Other examples could be interface elements that represent past user interactions (such as toggle buttons), or for when you need to indicate a state that isn’t basic focus/hover/etc stuff.
I’m not sure I understand what this means. My workflow is, I guess, working within 1 context at a time. Whether that’s as small as an icon or as large as the app.
Maybe some confusion. I do keep my Elm and CSS separate. The css-in-elm is a nice helper/syntactic sugar for Html.Attributes.class "my class".
Turns out that wasn’t very difficult. I’ve actually just released an MVP: Orasund/elm-html-style.
It currently has shorthands for every CSS attribute, with variants for constants and for both px and rem.
The tricky bit was actually to parse their BNF-like Notation. I currently only extract from it what I need and throw away the rest.
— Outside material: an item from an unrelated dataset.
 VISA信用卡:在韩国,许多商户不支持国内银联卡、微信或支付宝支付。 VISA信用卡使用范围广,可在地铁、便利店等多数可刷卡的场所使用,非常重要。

But this definitely has a lot of potential. For now, I will test this version a bit. See if there are any low-hanging fruits left. And then slowly add features as I require them. But I will probably not go down the elm-CSS route.
I think actually having a strongly typed API would be the hard part. I mean, it should be easy to just translate the BNF into a Custom Type. But one would also need to actually find fitting names for everything and design an API that is useful in practice. This might break an automated solution. (at least that’s my feeling after spending less than 8h on that task)
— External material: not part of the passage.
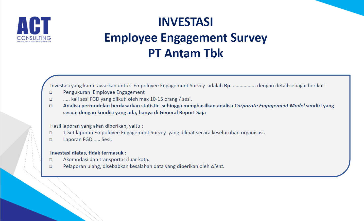 hasil engagement survey. Maka dari itu, hal utama yang dilakukan ACT Consulting

It is currently setup to fail graceful whenever it encounters something unknown. I then get a report of what went wrong and why. I could see a version where you could assist the generator to handle all edge-cases manually.
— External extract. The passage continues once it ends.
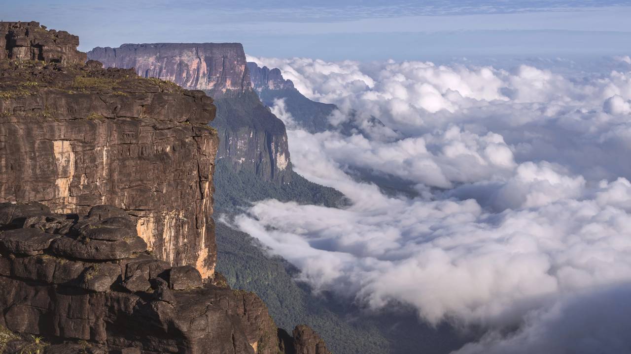 O Roraima é o mais famoso deles. Seu topo plano de aproximadamente 31 km² funciona como uma ilha biológica. O isolamento permitiu que espécies evoluíssem de forma independente: o sapinho preto Oreophrynella quelchii, que não salta, e diversas plantas carnívoras adaptadas ao solo pobre em nutrientes existem apenas aqui. O platô inspirou Arthur Conan Doyle a escrever O Mundo Perdido em 1912 e a Pixar a criar cenários de Up: Altas Aventuras.

@wolfadex The way I’ve generally worked (for companies) is to create a design-system first, often creating layouts/styles that live as plain HTML/CSS components. These are then used for templating (with whatever backend/frontend programming language).
I understand that’s not for everyone and gives “multiple sources of truth” with different files/formats to manage. But quite good for teams.
Oh right, I see. So it’s just translating into class strings. Nice.
I’ve just noticed sometimes I have to do a hard refresh of my browser’s history as the html gets cached. Probably not Elm-specific but a bit annoying. You can disable the cache in developer tools, but if you’re pushing changes in production it’s a problem.